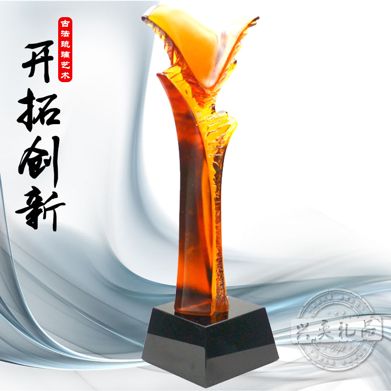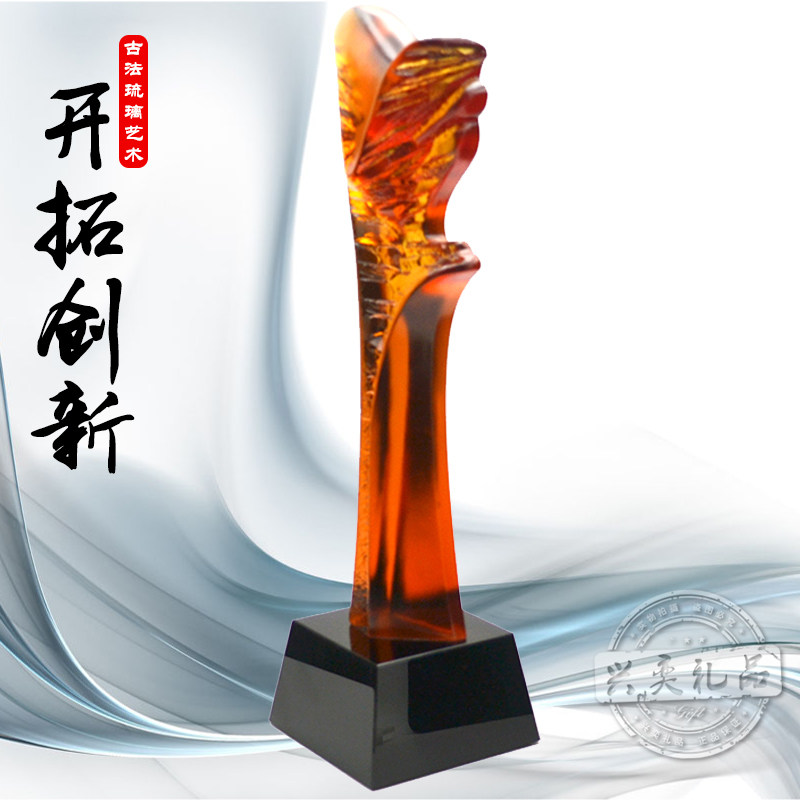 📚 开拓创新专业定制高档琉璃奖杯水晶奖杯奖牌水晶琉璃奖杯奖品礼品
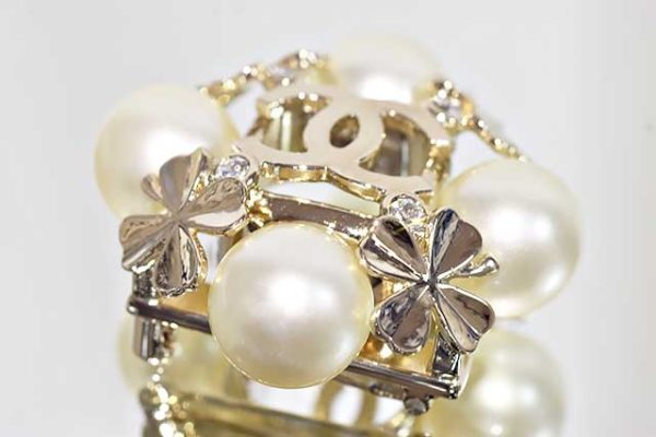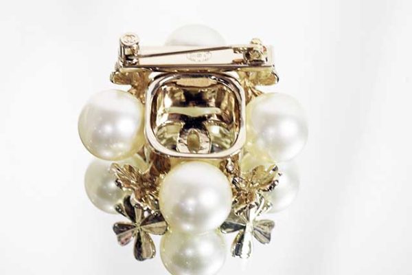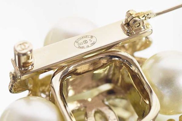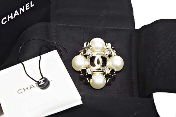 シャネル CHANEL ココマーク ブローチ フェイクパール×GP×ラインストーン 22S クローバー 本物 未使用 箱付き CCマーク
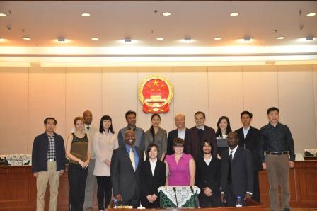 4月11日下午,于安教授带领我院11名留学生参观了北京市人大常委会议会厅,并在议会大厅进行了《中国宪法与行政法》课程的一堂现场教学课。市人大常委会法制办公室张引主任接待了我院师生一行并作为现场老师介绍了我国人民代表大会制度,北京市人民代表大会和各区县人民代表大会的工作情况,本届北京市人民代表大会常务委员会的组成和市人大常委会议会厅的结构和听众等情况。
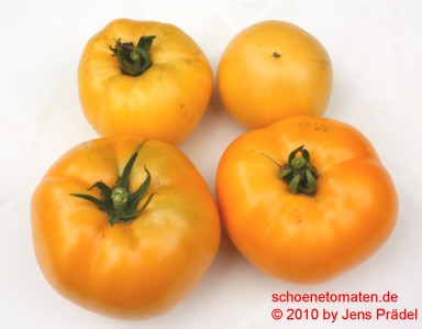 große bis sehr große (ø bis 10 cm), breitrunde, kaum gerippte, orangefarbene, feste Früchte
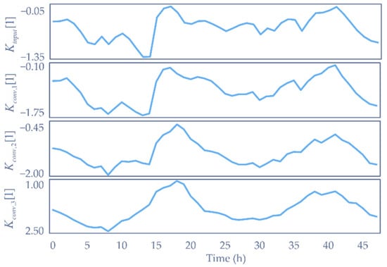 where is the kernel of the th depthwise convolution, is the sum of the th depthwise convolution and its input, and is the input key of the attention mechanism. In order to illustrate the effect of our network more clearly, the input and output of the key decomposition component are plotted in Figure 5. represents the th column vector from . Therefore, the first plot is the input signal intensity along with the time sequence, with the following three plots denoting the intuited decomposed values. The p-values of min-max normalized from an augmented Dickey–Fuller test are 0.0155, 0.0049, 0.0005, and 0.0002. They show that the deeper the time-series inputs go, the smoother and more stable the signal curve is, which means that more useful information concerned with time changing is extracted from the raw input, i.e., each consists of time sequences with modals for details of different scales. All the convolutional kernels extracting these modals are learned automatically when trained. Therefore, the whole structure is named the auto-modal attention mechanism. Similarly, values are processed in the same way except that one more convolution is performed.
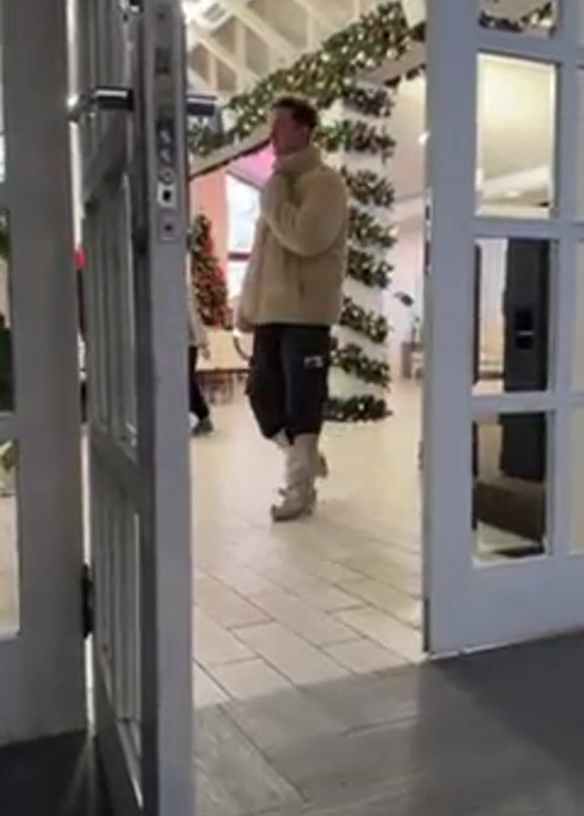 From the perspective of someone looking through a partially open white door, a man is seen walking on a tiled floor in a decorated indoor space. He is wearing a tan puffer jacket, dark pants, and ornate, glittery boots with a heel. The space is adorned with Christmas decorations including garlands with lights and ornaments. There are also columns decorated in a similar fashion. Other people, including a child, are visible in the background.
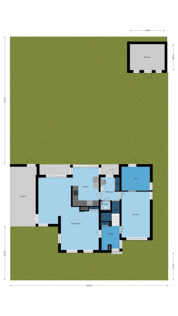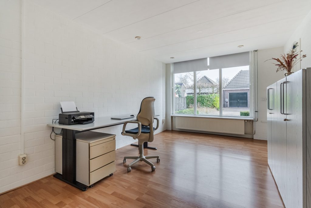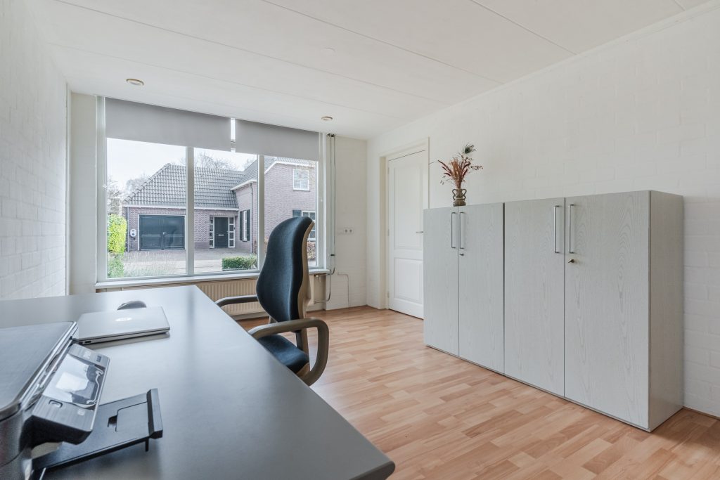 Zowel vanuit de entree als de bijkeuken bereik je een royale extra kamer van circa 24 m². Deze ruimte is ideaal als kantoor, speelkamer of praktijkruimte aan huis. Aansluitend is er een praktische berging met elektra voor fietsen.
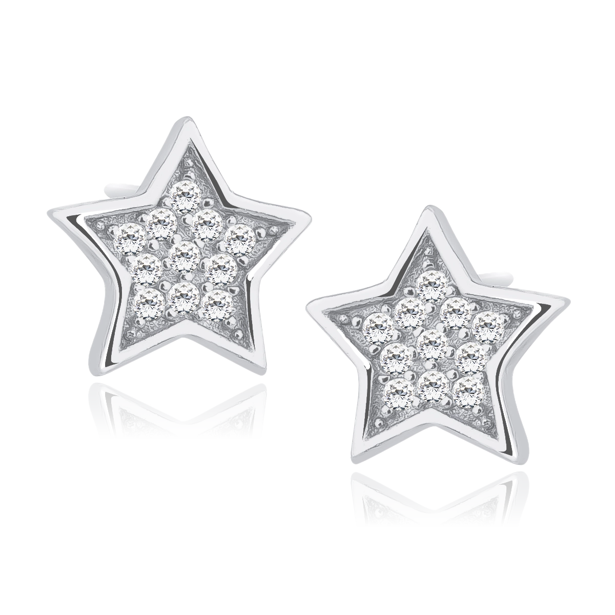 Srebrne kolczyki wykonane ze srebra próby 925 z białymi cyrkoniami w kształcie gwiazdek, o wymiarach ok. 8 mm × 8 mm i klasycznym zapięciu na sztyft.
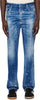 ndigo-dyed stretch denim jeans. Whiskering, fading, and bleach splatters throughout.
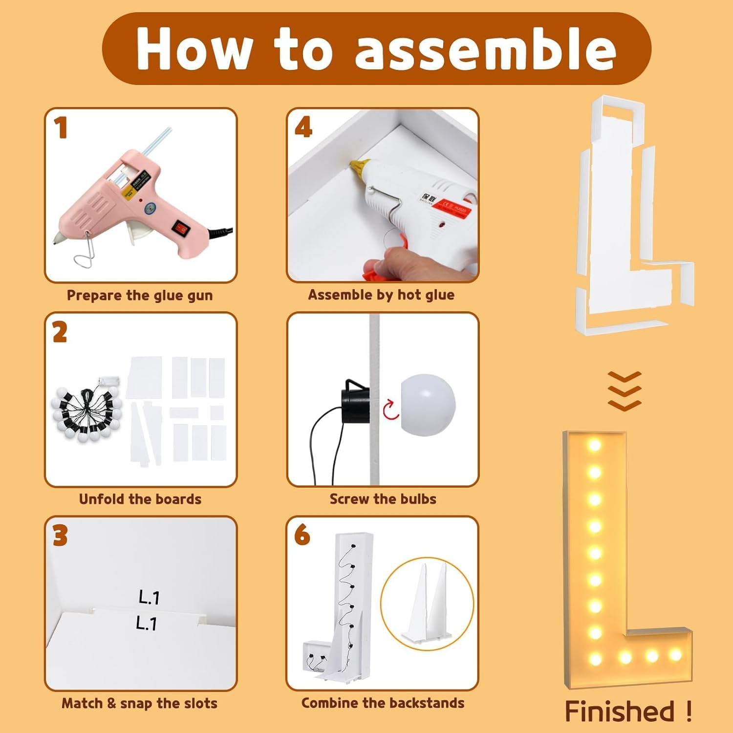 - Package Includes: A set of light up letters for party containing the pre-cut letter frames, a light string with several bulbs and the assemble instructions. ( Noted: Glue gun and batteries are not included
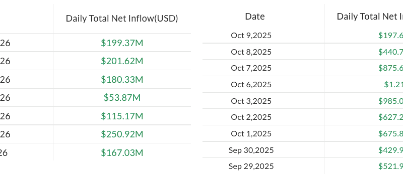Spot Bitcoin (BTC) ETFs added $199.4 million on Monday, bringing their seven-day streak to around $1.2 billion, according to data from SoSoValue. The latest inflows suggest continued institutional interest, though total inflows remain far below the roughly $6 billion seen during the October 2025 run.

━━━━━━━━━━━━━━━━

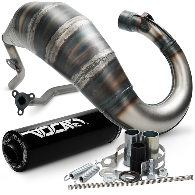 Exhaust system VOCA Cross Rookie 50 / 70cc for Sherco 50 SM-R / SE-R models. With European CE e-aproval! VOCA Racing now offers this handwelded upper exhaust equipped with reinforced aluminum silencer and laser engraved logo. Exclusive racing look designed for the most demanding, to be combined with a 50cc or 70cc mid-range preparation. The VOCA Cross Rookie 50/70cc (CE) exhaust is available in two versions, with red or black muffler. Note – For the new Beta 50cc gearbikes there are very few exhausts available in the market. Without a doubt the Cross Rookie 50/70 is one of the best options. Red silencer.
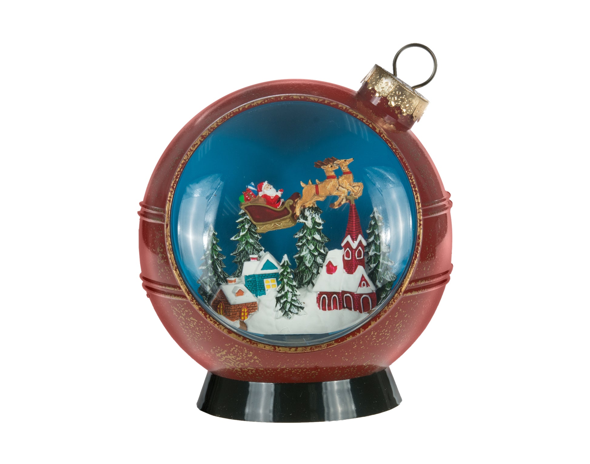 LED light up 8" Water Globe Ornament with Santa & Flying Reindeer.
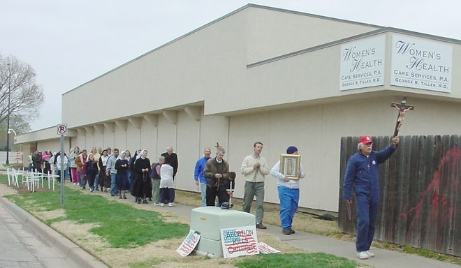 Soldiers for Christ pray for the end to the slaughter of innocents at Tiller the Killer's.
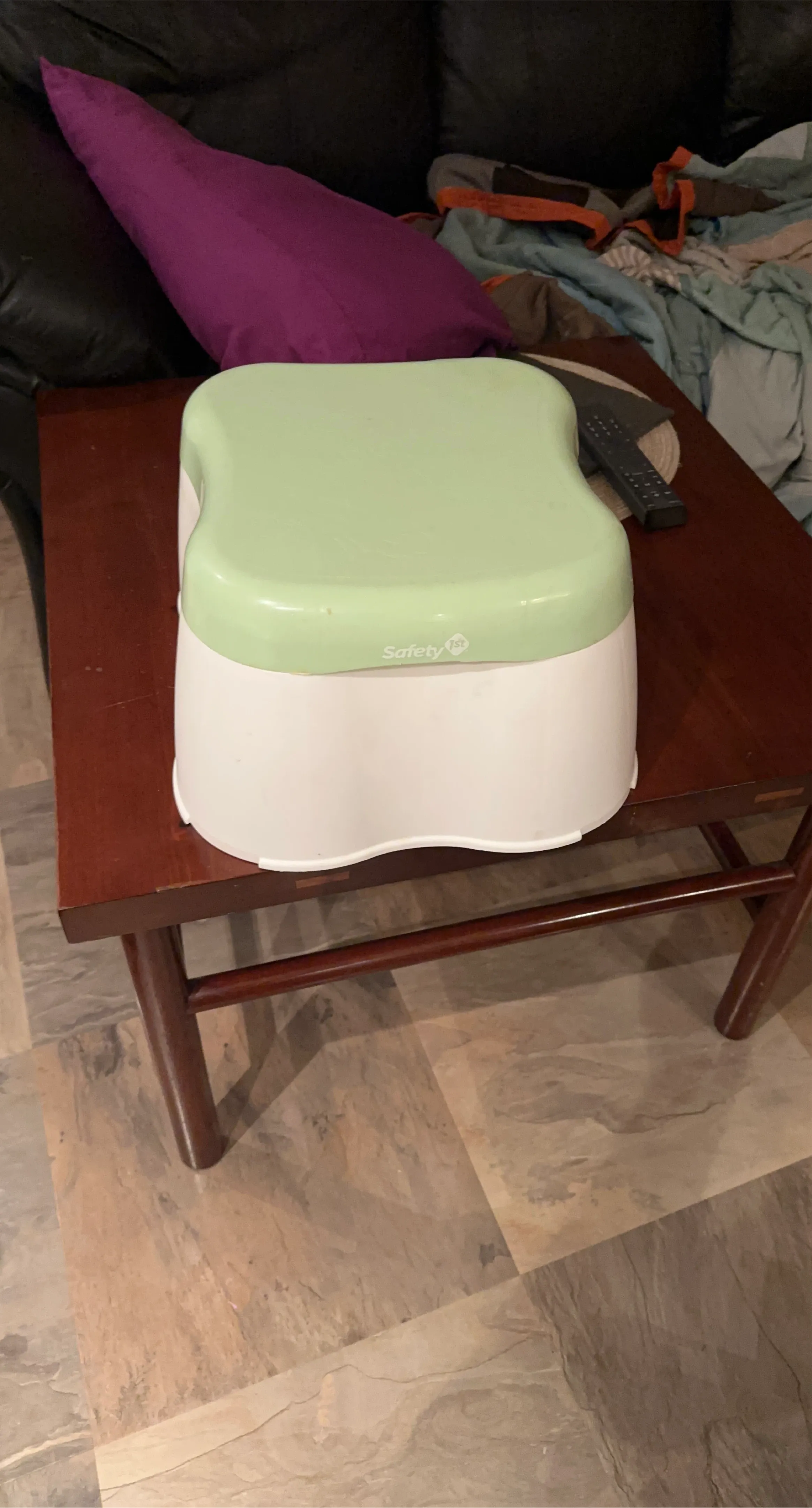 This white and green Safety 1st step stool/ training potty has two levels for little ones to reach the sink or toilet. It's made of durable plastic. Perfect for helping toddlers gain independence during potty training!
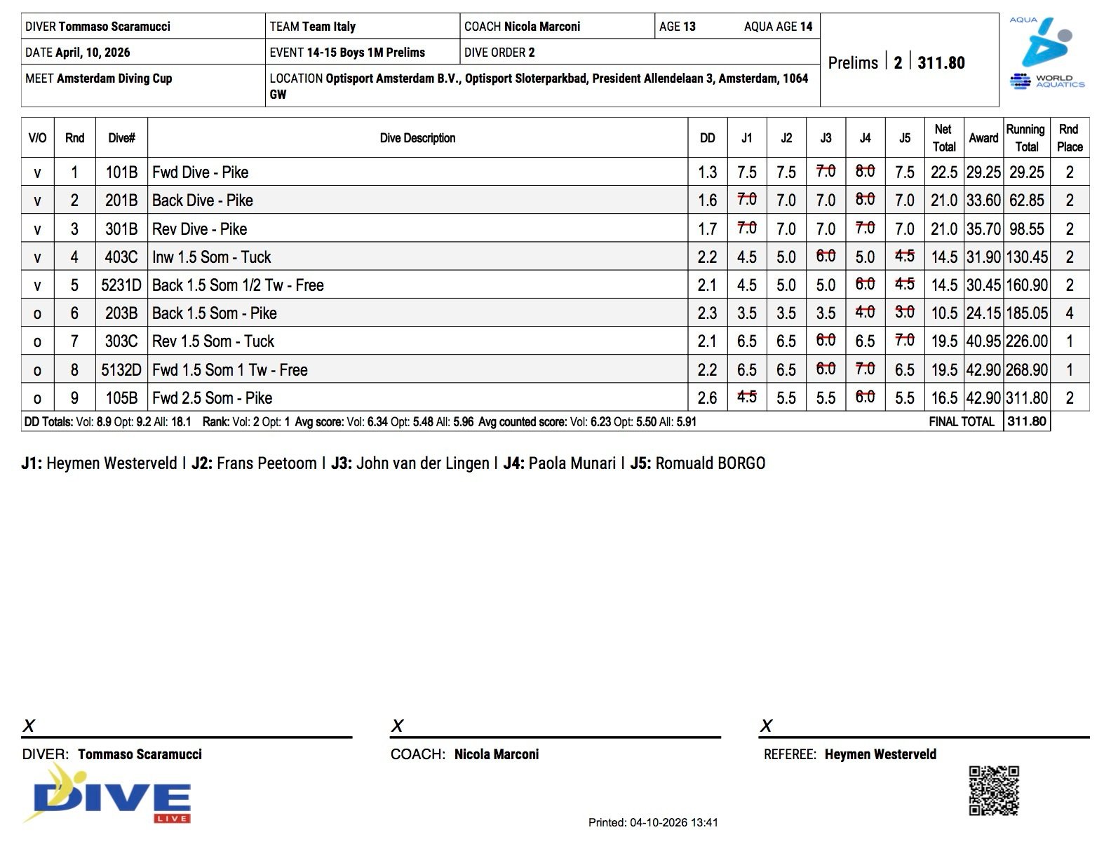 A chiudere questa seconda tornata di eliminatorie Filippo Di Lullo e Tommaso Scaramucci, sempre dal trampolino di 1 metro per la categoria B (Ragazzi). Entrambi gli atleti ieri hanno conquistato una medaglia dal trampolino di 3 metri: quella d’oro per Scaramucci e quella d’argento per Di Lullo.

━━━━━━━━━━━━━━━━

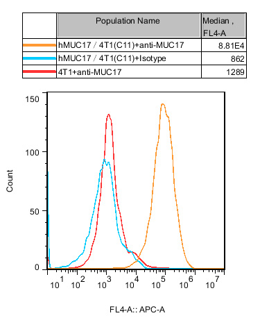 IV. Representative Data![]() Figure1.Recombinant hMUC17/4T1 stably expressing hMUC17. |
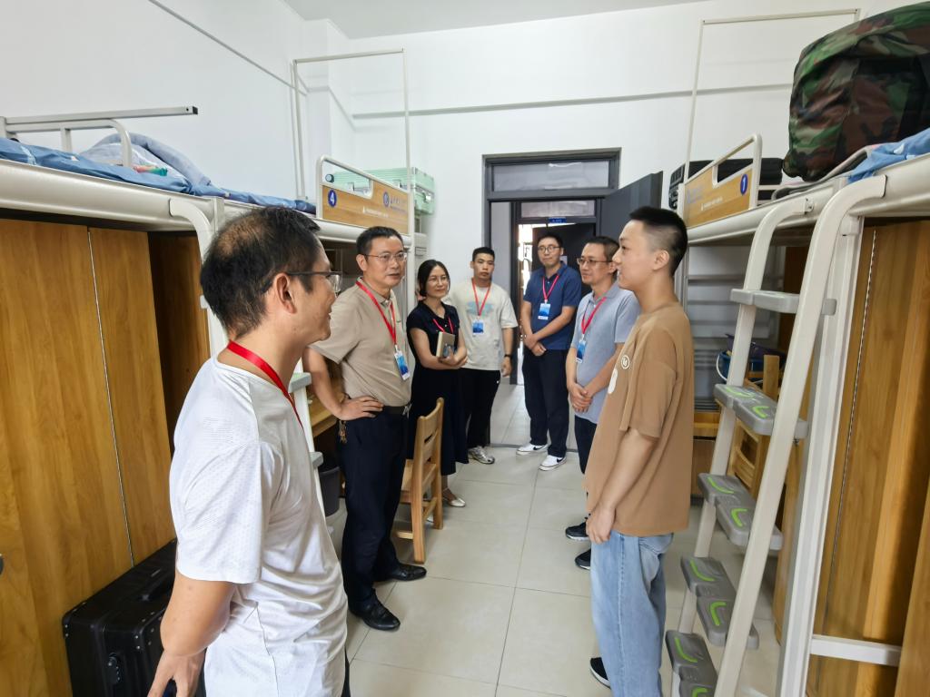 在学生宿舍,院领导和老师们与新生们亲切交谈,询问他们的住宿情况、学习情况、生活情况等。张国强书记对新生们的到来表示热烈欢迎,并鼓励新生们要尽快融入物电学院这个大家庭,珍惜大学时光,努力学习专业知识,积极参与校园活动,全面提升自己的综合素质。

━━━━━━━━━━━━━━━━

* Problem statement: Within the listing above, the lines from the one with "Zowel vanuit de" through the one with "Spot Bitcoin (BTC)" are to be given again word for word. Do not include pictures.

* Answer for the task:
 Zowel vanuit de entree als de bijkeuken bereik je een royale extra kamer van circa 24 m². Deze ruimte is ideaal als kantoor, speelkamer of praktijkruimte aan huis. Aansluitend is er een praktische berging met elektra voor fietsen.
 Srebrne kolczyki wykonane ze srebra próby 925 z białymi cyrkoniami w kształcie gwiazdek, o wymiarach ok. 8 mm × 8 mm i klasycznym zapięciu na sztyft.
 ndigo-dyed stretch denim jeans. Whiskering, fading, and bleach splatters throughout.
 - Package Includes: A set of light up letters for party containing the pre-cut letter frames, a light string with several bulbs and the assemble instructions. ( Noted: Glue gun and batteries are not included
Spot Bitcoin (BTC) ETFs added $199.4 million on Monday, bringing their seven-day streak to around $1.2 billion, according to data from SoSoValue. The latest inflows suggest continued institutional interest, though total inflows remain far below the roughly $6 billion seen during the October 2025 run.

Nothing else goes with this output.